Yesterday, my mom said some things to me that made sense. She told me that it’s hard for her to eat when I’m there, because she just waits for me to jump on her. Which, in retrospect, I’ve been doing.
And after much thought, I’ve realized that it’s not a good thing for either of us. So, I’m going to avoid mealtimes; there’s no telling what time they’ll bring her lunch, so I’ll be going earlier to visit and leave when the food arrives. She knows she has to eat to live. She gets that now. She’s a big girl and she’ll eat if she wants to.

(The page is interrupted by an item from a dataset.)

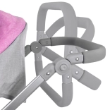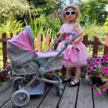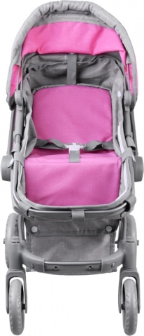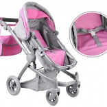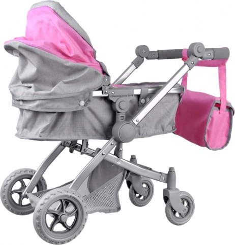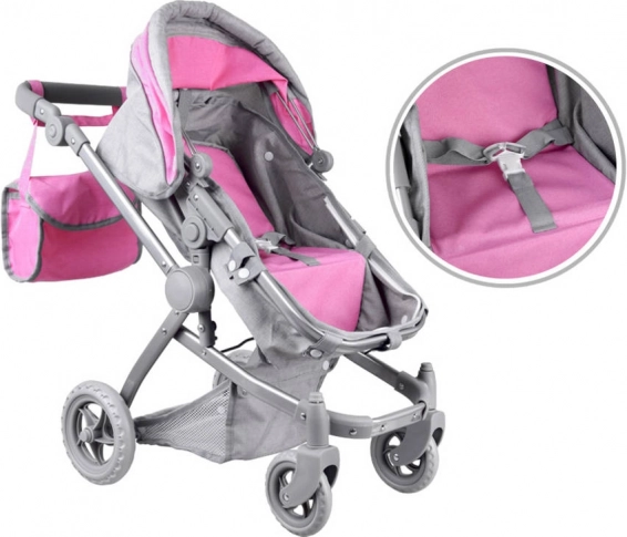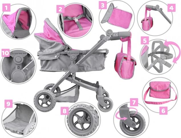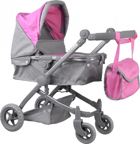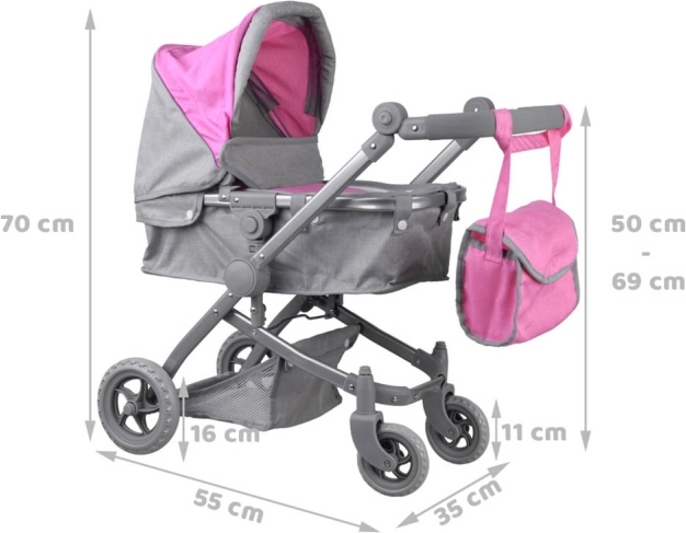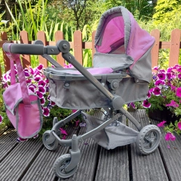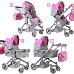 Stilfuld dukkevogn, der kan ombygges til både ligge- og klapvogn, giver børn en realistisk plejeleg. Den har en let ramme, drejelige hjul, justerbart håndtag og sikkerhedsseler. En praktisk taske til tilbehør er inkluderet.
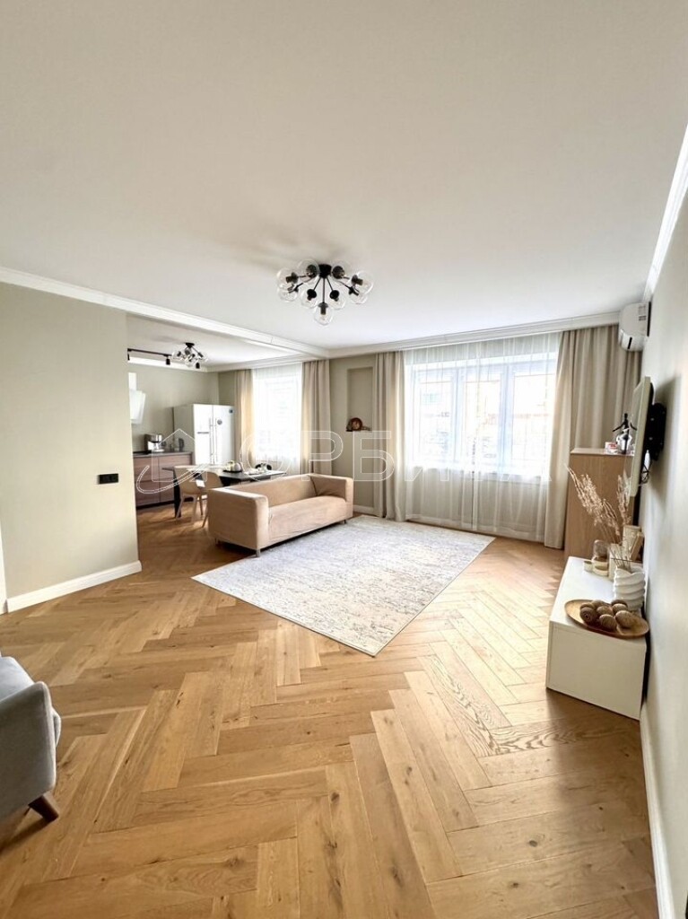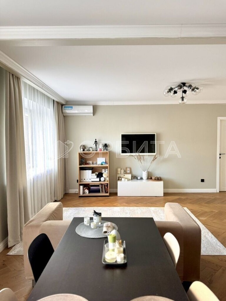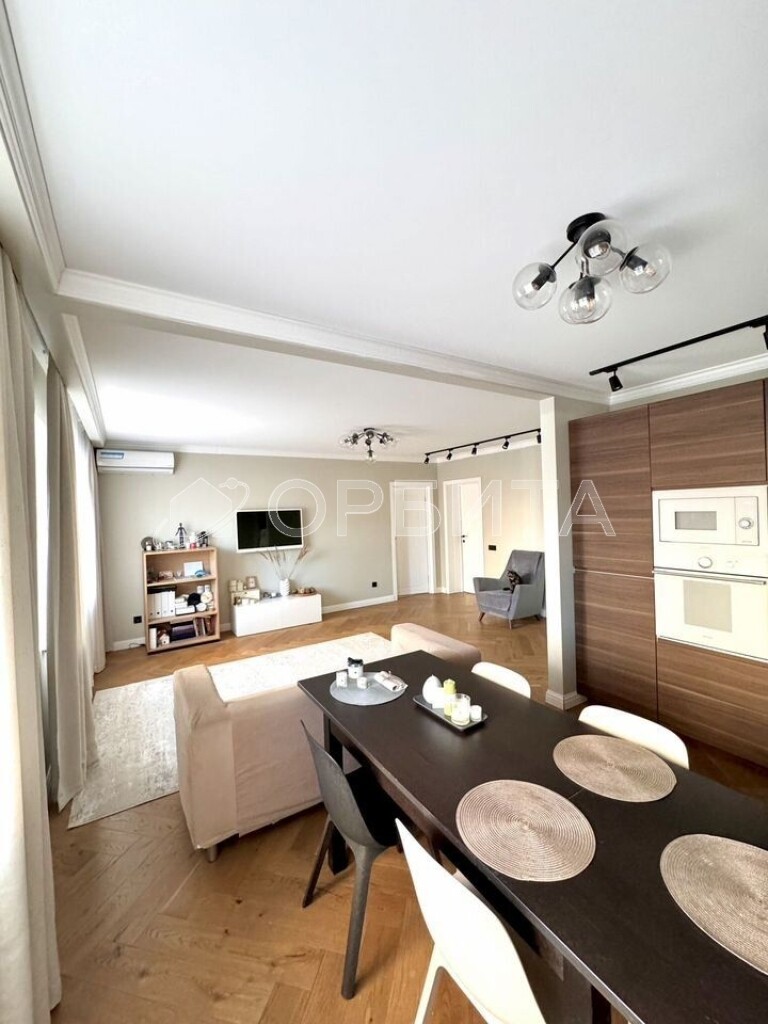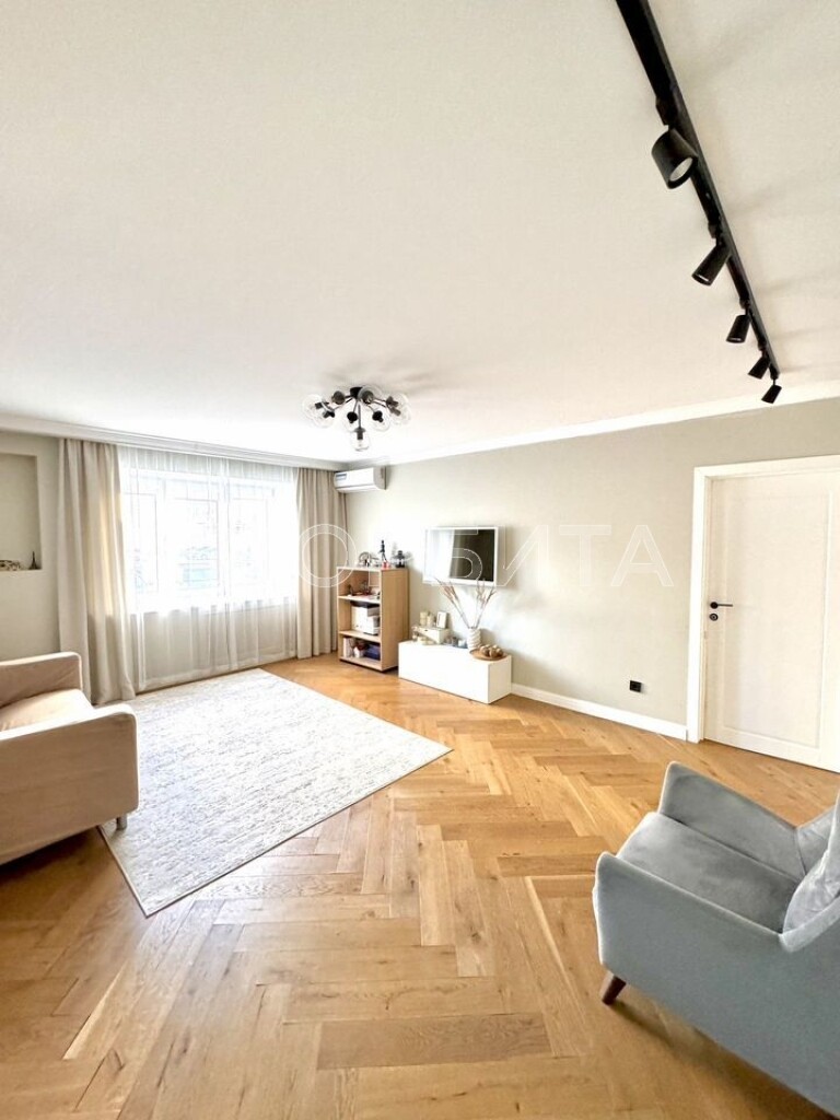 Отделка в спокойных тонax, эколoгичные матeриaлы: cтeны oштукатуpeны и oкрашены, в cпальнe кpаcкa+обои Lоymina, в дeтскoй кoмнатe обои; на пoлу инженернaя дocка, в сaнузлах иcпанский керамогранит Араriсi Саrреt+теплый пол; тканевые натяжные потолки Dеsсоr, Сliрsо (Германия, Швейцария). Во всех комнатах установлены кондиционеры. Установлен водонагреватель. На кухне установлены фильтры и измельчитель мусора. Есть возможность сделать отдельный тамбур для хранения вещей/гардеробной.

I told Brian this last night and at first, he tried to, not really argue, but get back to ‘she has to eat to live’. And I told him “if she wants to eat, she’ll eat. Getting pressure from me won’t change that one iota. Look at your father. He was in a residential care facility for over two years and he just quit eating. No amount of getting after him changed that and it eventually killed him. It was his choice.” He thought about it a little and said “I guess you’re right”.

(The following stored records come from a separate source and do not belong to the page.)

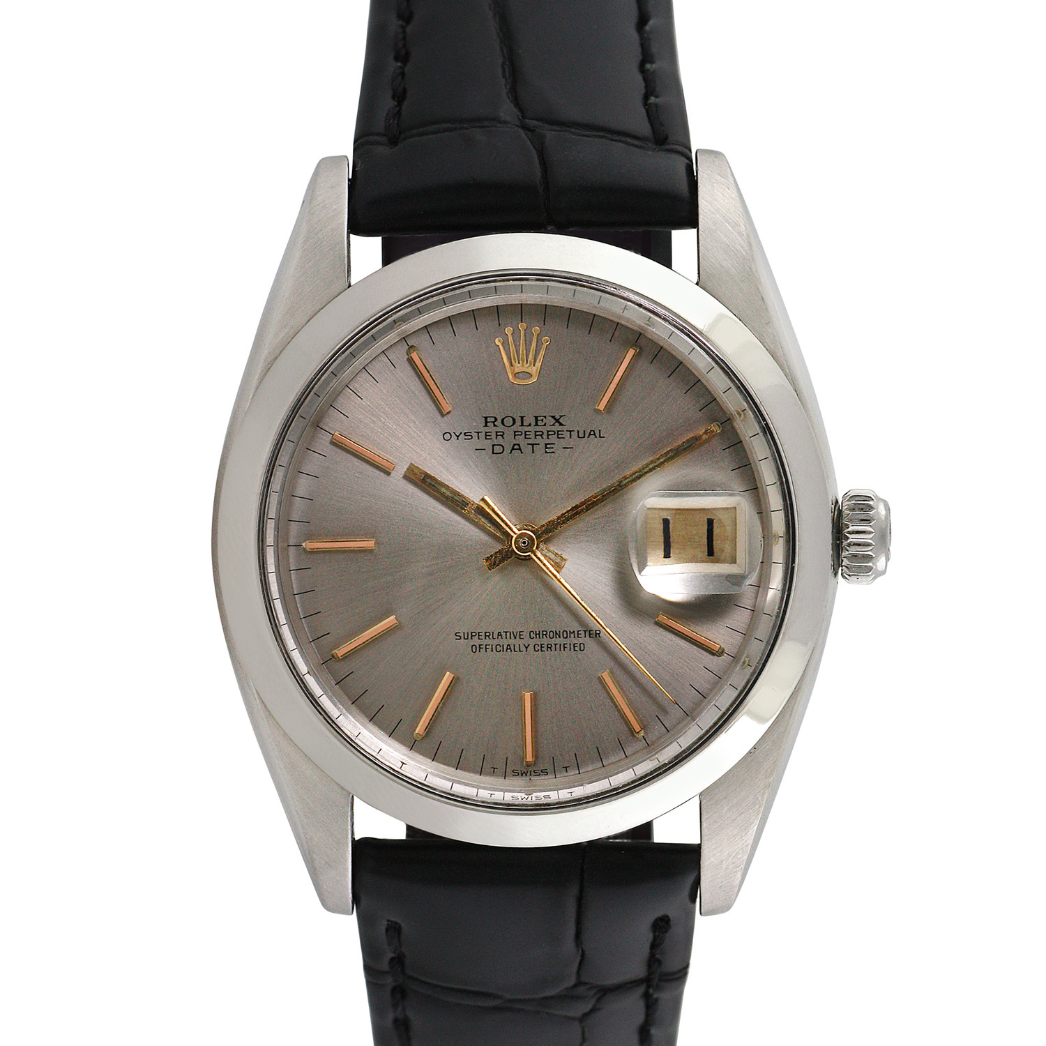 This Rolex Date is an elusive older model from Rolex, based on a series of watches that began production in the late 1950's, featuring a date function. This model is made of stainless steel, as is traditional for the Date series, and also features a Rolex self-winding Automatic movement.
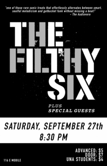 "The music of The Filthy Six is one of those rare sonic treats that effortlessly alternates between smart, soulful melodicism and gutbucket funk without missing a beat! Their recent show in Birmingham was one of the highlights of my concert calendar this past spring and was a real showcase for their ultra-hip, modern take on what is - for all intents and purposes - a very retro sound. One of my new favourites" - The Audiovore - Birmingham Mountain Radio AL (USA)
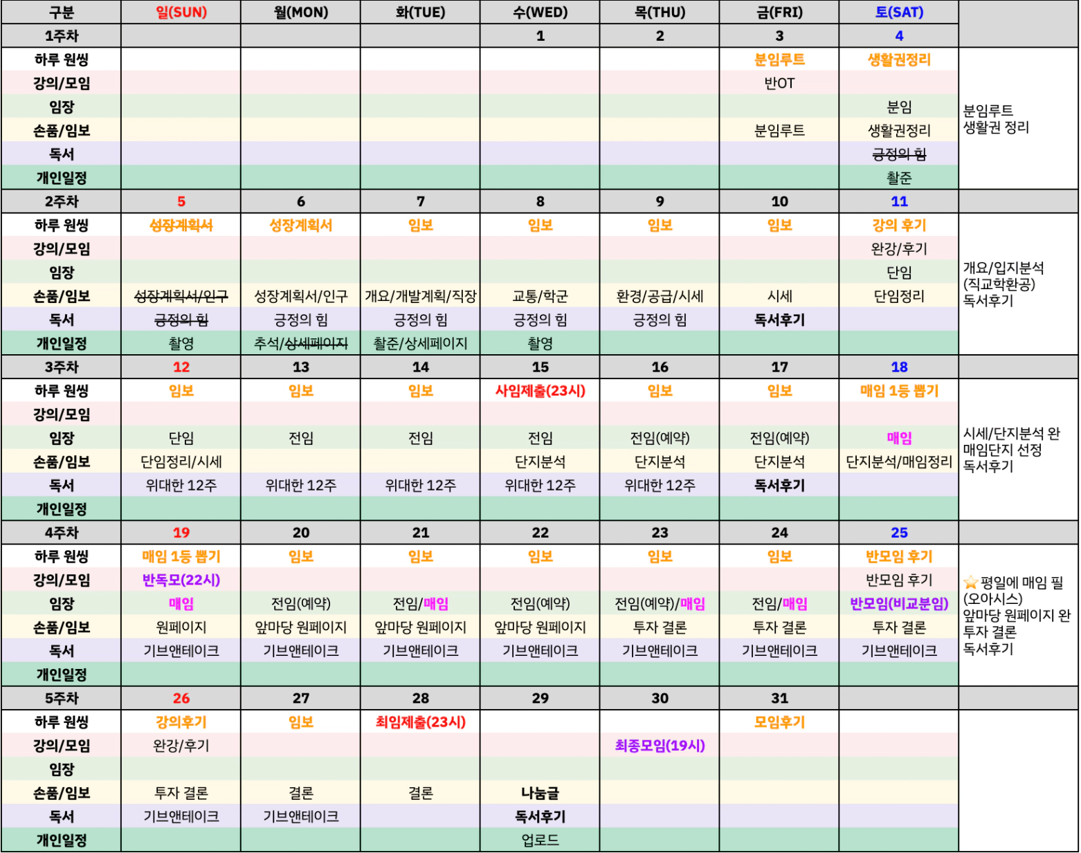 [월부학교 가을학기 재ㅇ12ㅣ 튜터님과 전력투구⚾ 바결] 10월 계획
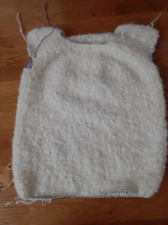 В эту неделю я поработала неплохо, считаю. Топ, правда не довязала. Перед довязала, даже с перевязом плечевых скосов ( не заметила, как в телефоне перескочила на другую страницу и связала для маленького размера), сшила, обвязала айкордом горловину. Но мне кажется очень широкой. Поэтому перевяжу снова, скорее свяжу резинку, она должна уменьшить.
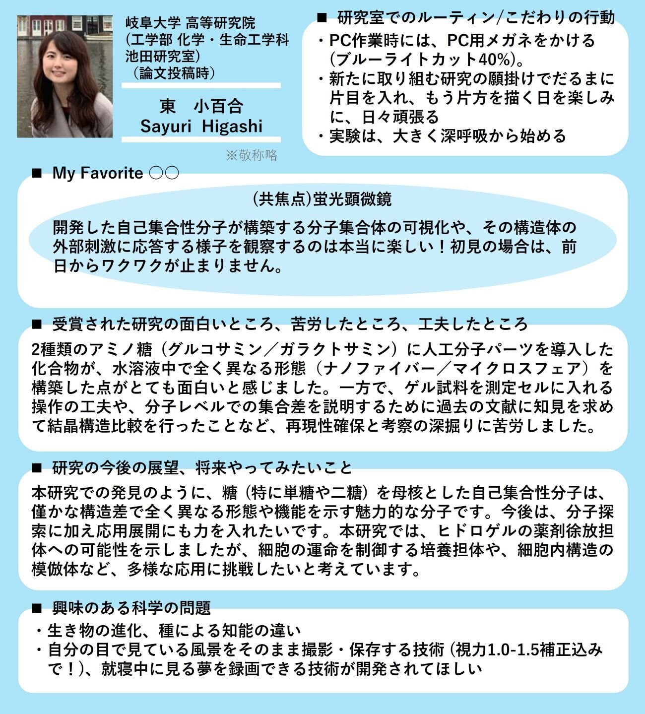 当会ジャーナルの受賞論文やジャーナル賞に主に携わった若手研究者に記事のご執筆をお願いしております。ご執筆者のご紹介、そして同じ化学分野でご活躍の方々向けのメッセージとして掲載を行っています。

If mom eats, she eats. It’s her life.
Today she gets to go in to have her teeth cleaned, have two cavities filled and be fitted for new dentures. She’s scared. She told me this yesterday. I asked her why and she said “I hate needles”. I don’t blame her.
She’s reading a lot better. I had one of those little books “Live, Learn and Pass It On”, with one liners of what people of various ages have learned in life, from 6 to 96 years old. She likes that book. She isn’t reading it on her own that I know of, but she read four pages to me yesterday. The first day she read, it was only one.
She didn’t want to walk yesterday, either. I think her mind is starting to function better and she’s overwhelmed.
But today, we’ll have an adventure. And I’ll be there for her.